Empty Seats at the Coffee Shop

Description

Thoughts on group mentoring and its relation to one-on-one mentoring.

I got started mentoring one-on-one. One day, I was telling my faith story to one of my mentees in a coffee shop. I was pouring it all out – tears, snot, the whole enchilada. I looked around to see who was watching this aging Bozo weep, only to see two empty seats in our booth.

“Wow,” I thought. “I just left it all on the field for this one guy. I could have had two other guys sitting here and tripled the Kingdom impact.”

We mentors often find ourselves in that situation – where we’re doing something all by ourselves when we realize that one of our younger mentees could be gaining something from being there with us.

Coupled with Tim Elmore’s quote, “More time with fewer people, equals greater Kingdom impact,” those empty chairs sparked me to discover this marvelous thing called small group mentoring.

Now, you may be asking, “Fewer people could mean one guy, right?”

Answer: yes.

A big part of the life change my mentees’ experience comes from one-on-one conversations. Small group mentoring isn’t a replacement for that, it’s an accelerator for it. Before a man is going to be vulnerable - i.e. willing to look at himself and allow God to change him - he’s got to be transparent.

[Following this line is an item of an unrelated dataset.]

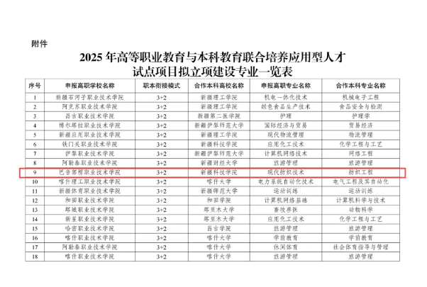 根据新疆维吾尔自治区教育厅公布的高等职业教育与本科教育联合培养试点项目名单,best365中国官方网站现代纺织技术高职专业与新疆科技学院纺织工程专业联合申报的高等职业教育与本科教育联合培养“3+2”应用型人才试点项目成功入选。
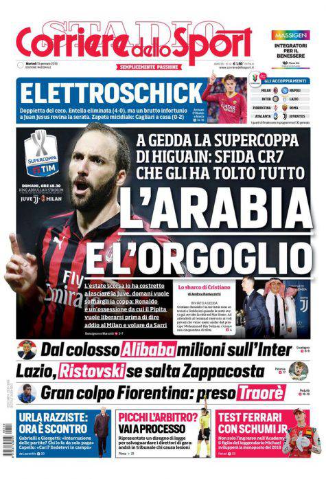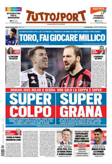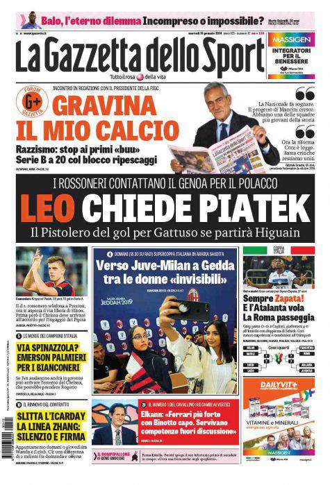 Gazzetta dello Sport, Corsport, Tuttosport: prime pagine del 15 gennaio 2019 15/01/2019 - 08:00 di Pasquale Cacciola

That happens when he trusts, when he’s become convinced that the environment and the people he’s with are safe.

If you’re mentoring someone one-on-one, you’ve got to reach that same point. They have to trust you enough to open up to you. Before they’re likely to do that, you’re going to open up to the. tell them your story, earn their trust. Once you’re there, you’ll make suggestions to them, offer them books to read, assignments… e.g. things to try and report back to you on. Over time, as they responds to your guidance and suggestions, you’ll see God begin to change them, and that’s cool. But what I’ve discovered is that these steps happen so much quicker in a group setting.